The stars are Zooey Deschanel and Joseph Gordon-Levitt, two twentysomething Gen-Yers with quirky personas and indie film cred. We believe them as a couple, and we believe them when they're threatening to split up. Their connection and the dissolution of it are both convincing, and entertaining.
Gordon-Levitt plays Tom, trained as an architect but working at a greeting-card company as a writer. I liked how even though this occupation is supposed to represent a dead end in Tom's life, it's still presented as a pleasant to work filled with people who get more fulfillment out of writing pithy sayings for cards than Tom does. Clark Gregg plays the boss, and when Tom is going through a rough patch with Summer he politely inquires about his employee's black mood, and switches him over to funeral and sympathy cards. In today's labor environment, this man qualifies as a saint.
Tom's life changes when Summer starts working at the company. He's totally smitten with her, but tries to hide it behind a veil of nonchalance. His dude-friends (Geoffrey Arend and Matthew Gray Gubler) and precocious preteen sister (Chloe Moretz) urge him to go for it. Tom would probably keep on dithering, until Summer corners him in the office copy room and plants a kiss on him.

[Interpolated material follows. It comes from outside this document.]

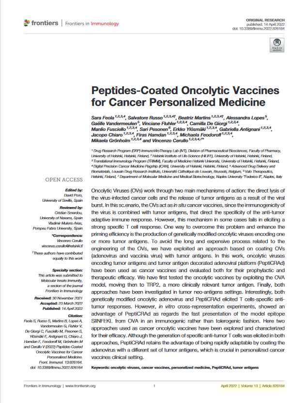 Peptides-Coated Oncolytic Vaccines for Cancer Personalized Medicine
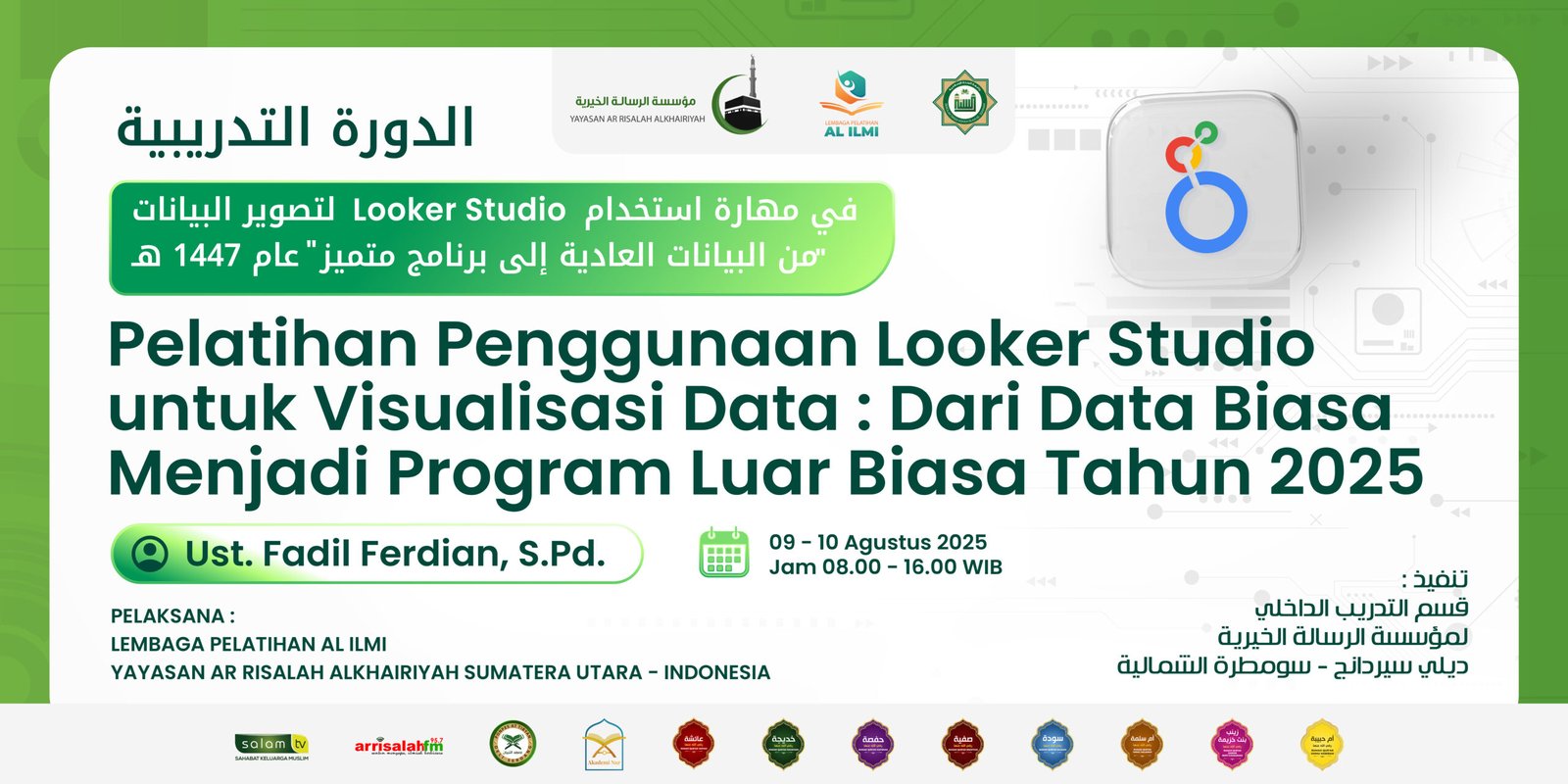 Lembaga Pelatihan Al Ilmi Yayasan Ar Risalah Alkhairiyah sukses menyelenggarakan Pelatihan Penggunaan Looker Studio untuk Visualisasi Data: Dari Data Biasa Menjadi Program Luar Biasa bagi para pegawai Yayasan. Pelatihan berlangsung selama dua hari, mulai pukul 08.00 hingga 16.00 WIB, bertempat di ruang pelatihan Yayasan Ar Risalah Alkhairiyah.

Marc Webb directs from a script by Scott Neustadter and Michael H. Weber. All are relative newcomers (this is Webb's first feature film, and the second for the writers, who also paired up on this spring's "Pink Panther 2"), and bring a fresh voice and breezy tone to this genre.

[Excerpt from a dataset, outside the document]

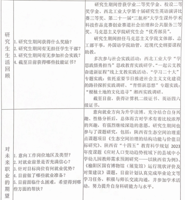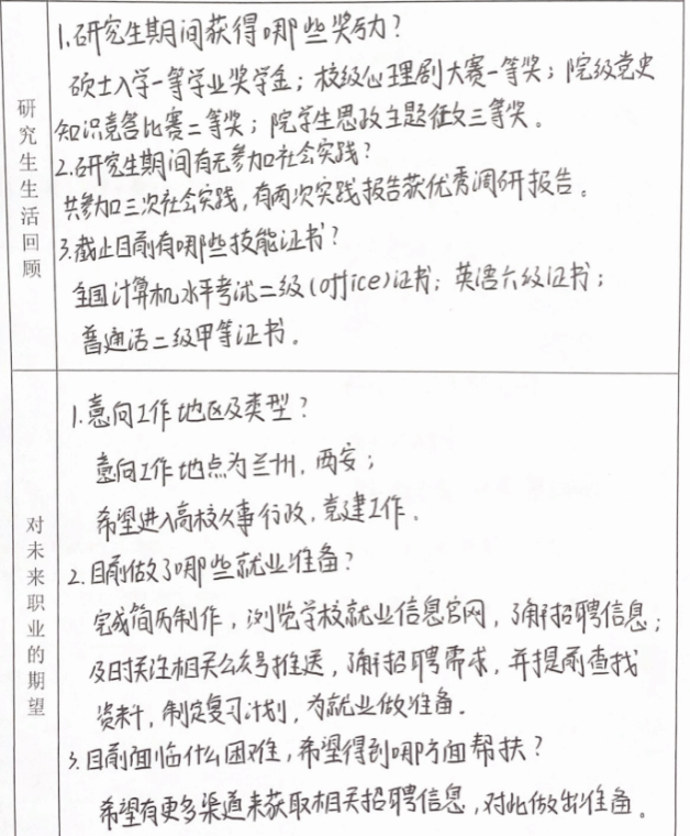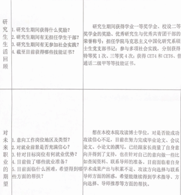 本次精准帮扶工作做到了有重点、有特点、有节点。帮扶老师通过和学生谈话,详细了解学生的基本信息、学业情况、就业创业意向、就业进展情况等,在此基础上,根据每位学生确定的就业意向,制定不同的帮扶方案,做到“一人一策”,筛选合适的就业信息传达给学生,达到了“点对点”服务的帮扶效果。同学们在谈话过程中也收获颇多,对当前马克思主义理论学科的就业形势、个人的就业方向、求职技能掌握等都有了全面的了解,开启了个人求职就业的第一站。

The story is told in a non-linear fashion, with the title referring to how many days since Summer and Tom first met. It switches all around, though, so early on we know that they break up, at least temporarily, somewhere in the low 300s. Days 50-100 or so are the magic time, when they're in that "stupid love" phase, trying out the beds at the IKEA store while people are watching them.

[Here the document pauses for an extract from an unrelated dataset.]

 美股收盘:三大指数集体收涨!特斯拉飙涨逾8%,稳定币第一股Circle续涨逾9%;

Summer is upfront with Tom, explaining that she doesn't want a relationship right now. But he's a bit of a romantic, believing that the minute he laid on Summer he knew she was the one for him.
There's a magical scene where Tom is overjoyed after his first night with Summer, which builds into a big musical number in the park that bears a suspicious resemblance to the one in "Enchanted." I nearly fell over laughing when he checks his reflection in a window, and he's feeling so great he sees Han Solo staring back at him.
I won't say anything about how "(500) Days of Summer" ends, other than it's probably not what most people are expecting -- but it feels right. This delightful, smart and funny flick just fits.